=== Task to complete ===
In the listing below, the lines starting with the line with "LOQI x Smiley花朵笑脸联名" and going on through the line with "Phil Knight Signed" are to be reproduced exactly, and only those.

=== Source information ===
——

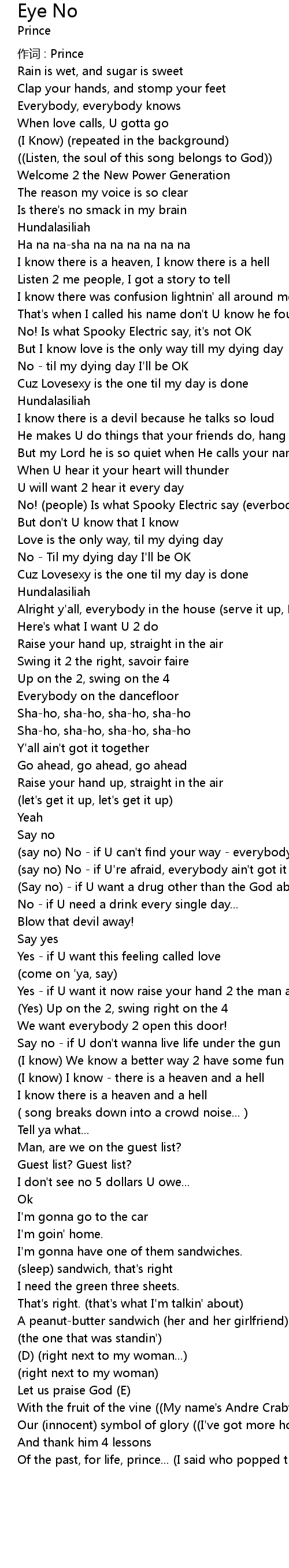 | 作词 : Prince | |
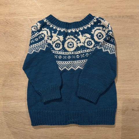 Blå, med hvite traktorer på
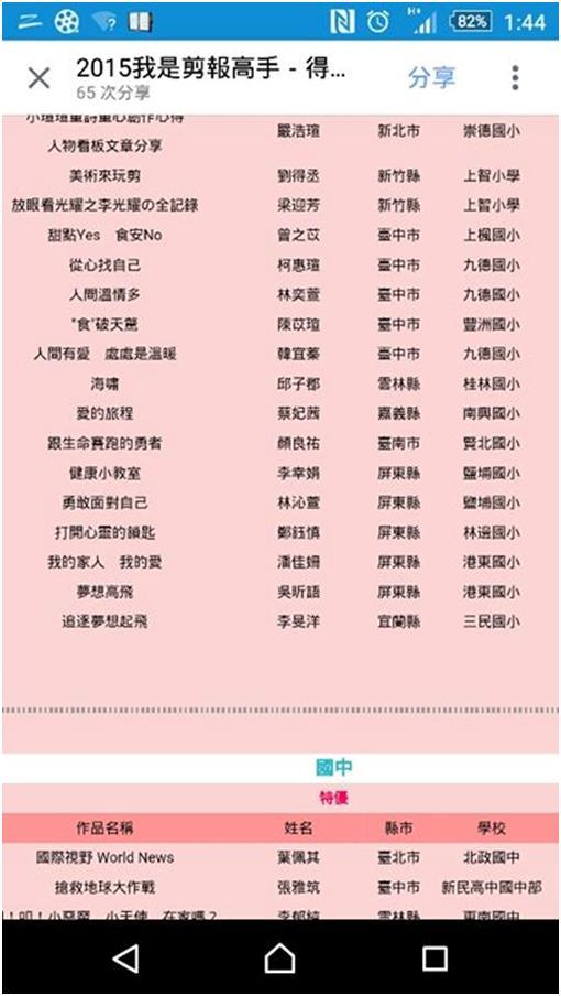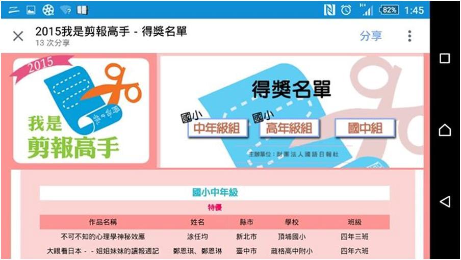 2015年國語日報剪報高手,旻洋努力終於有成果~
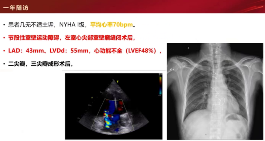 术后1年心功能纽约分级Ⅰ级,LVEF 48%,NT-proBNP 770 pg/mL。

——

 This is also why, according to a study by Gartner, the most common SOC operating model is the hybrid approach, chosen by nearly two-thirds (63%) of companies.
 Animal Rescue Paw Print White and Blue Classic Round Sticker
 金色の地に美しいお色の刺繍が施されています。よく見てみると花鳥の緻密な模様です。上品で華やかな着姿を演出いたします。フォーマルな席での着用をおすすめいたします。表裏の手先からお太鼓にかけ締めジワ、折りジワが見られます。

——

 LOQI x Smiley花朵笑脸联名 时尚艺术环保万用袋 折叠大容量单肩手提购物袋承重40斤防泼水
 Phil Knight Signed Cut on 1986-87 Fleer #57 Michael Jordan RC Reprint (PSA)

——

=== Expected answer ===
 LOQI x Smiley花朵笑脸联名 时尚艺术环保万用袋 折叠大容量单肩手提购物袋承重40斤防泼水
 Phil Knight Signed Cut on 1986-87 Fleer #57 Michael Jordan RC Reprint (PSA)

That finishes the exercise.